Уход Булыгина будет для конкурентов, друзей, партнеров, врагов знаком слабости, упадка, деградации Сереги Губина и его бизнеса. За историей с Булыгиным внимательно следит осторожный Дима Сурнов и, получи Булыгин свободу, тоже станет тихонько отползать со своим «НЛВ». И вся эта свора друзей-врагов поймет знак правильно и… вмиг заклюет, сожрет, схавает, затопчет, растерзает. Нет, Булыгина надо непременно давить. Непременно. Расправиться жестоко, молниеносно и беспощадно — чтобы все онемели от ужаса.
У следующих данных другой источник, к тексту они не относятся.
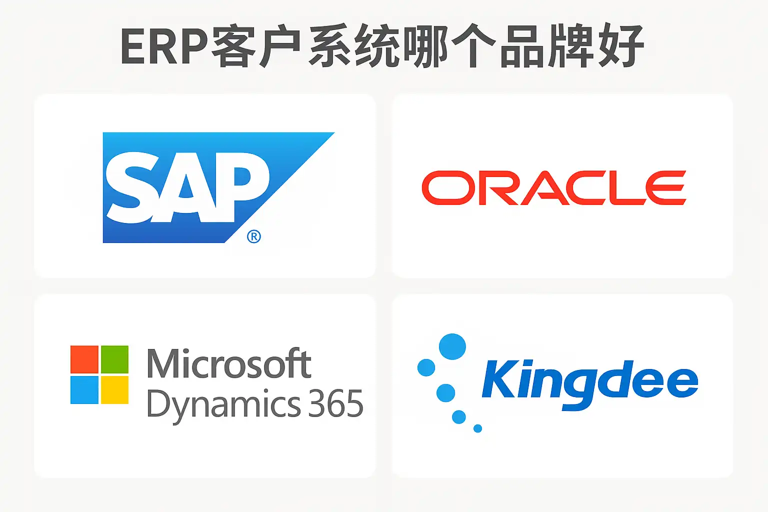 结论: 不同品牌各有侧重。简道云以灵活易用著称,金蝶/用友强调本地行业经验,SAP/Oracle/Salesforce更偏国际高端市场。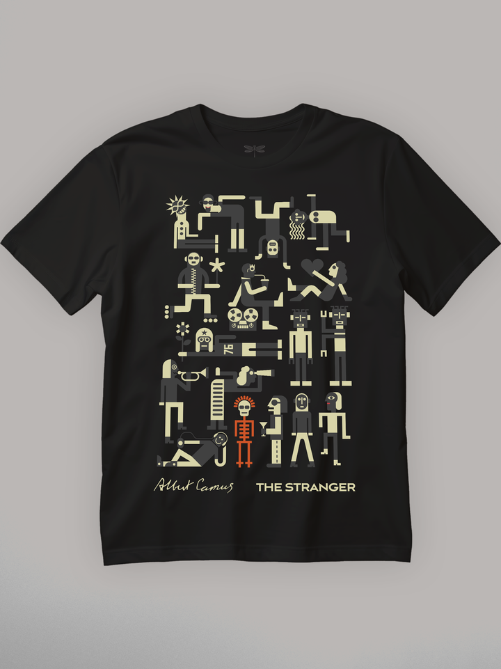 Product features a chaotic grid of abstract figures — blank-faced, disconnected, mechanical — rendered in a brutalist, pixel-style arrangement. Drawing from Albert Camus' The Stranger, the design echoes Meursault’s emotional detachment, the randomness of violence, and the absurd theatre of human existence. A cold, clever tribute to alienation in the modern world.Part of the Counterculture Books Collection.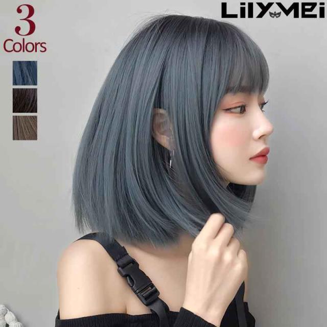 大人フレンチ ボブ 【ネット付き】 ウィッグ グラデーション カール グラデ アッシュ 耐熱フレンチボブ くすみブルー 2020年夏 新作 セミロング ミディアム フルウィッグ 【送料無料】 グラデーション メッシュ アッシュ 耐熱 カール ボブ グレー ストレート 灰色 青髪 フルウイッグ かわいい 女子 青 結婚式 成人式 仮装 ピンク ダークブラウ ブルー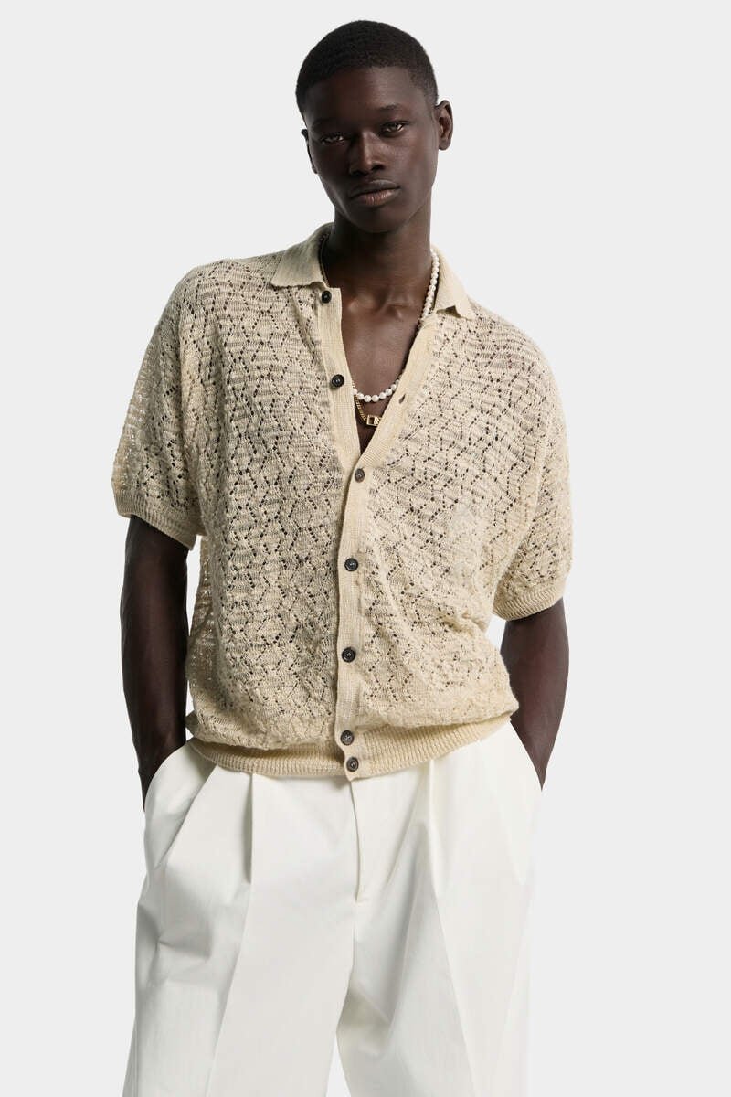 This Button-Through Polo Shirt is Knitted from a Breathable Linen Blend with Openwork Detailing and Ribbed Trims, Adding a Bit of Texture. Layer It over a Tee or Under a Blazer, Depending on the Vibe.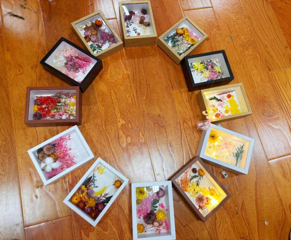 活动伊始,干花相册 DIY 环节正式开启。现场准备了满天星、尤加利叶、小雏菊等十余种干花材料,以及相册本、胶水、装饰贴纸等工具。参与者们积极投入创作,精心挑选干花素材,巧妙搭配色彩与造型,并将干花细心粘贴在相册内页,制作出风格各异的个性化作品。在制作过程中,大家专注于创作,感受干花与艺术融合的独特魅力,身心得到放松。

Вдове дать щедрое содержание.
Губин расфантазировался. В мечтах он уже все устроил — успокаивал рыдающую на его плече Элеонору, трепал ее по светлым волосам своей разлапистой рукой с перстнем, отечески похлопывал по заду, дружески увещевал: «Не плачь, не оставим» — и видел в ответ благодарность в ее заплаканных накрашенных многообещающих глазах. Жаль; что она ему ни капельки не нравится… И дальше совершенно не фантазировалось. Зато представлялось другое: как он в сопровождении свиты приходит утром в контору Булыгина и видит его портрет в черной кайме в приемной на столике секретарши Виты — такой же, похожей на Элеонору, слишком наштукатуренной, пергидрольной блондинки в люрексе. Он входит и обводит тяжелым брезгливым взглядом всех булыгинских бритоголовых придурков с неповоротливыми мозгами — а те смотрят на него собачьими глазами и выглядят как использованная туалетная бумага…
А на самом деле Губин не знал, кому он мог доверять, а кому нет, что он мог сделать, что нет. Прошло два дня, а он так и не придумал, что делать с Булыгиным и как решать проблему. Козлов тщательно осмотрел весь губинский кабинет, проверил кабели и телефонные аппараты — сказал, что ничего подозрительного не обнаружил. Губин кивнул головой на его доклад, но все равно откровенничать в кабинете перестал и, даже когда оставался один, старался сдерживать эмоции, которым обычно давал волю.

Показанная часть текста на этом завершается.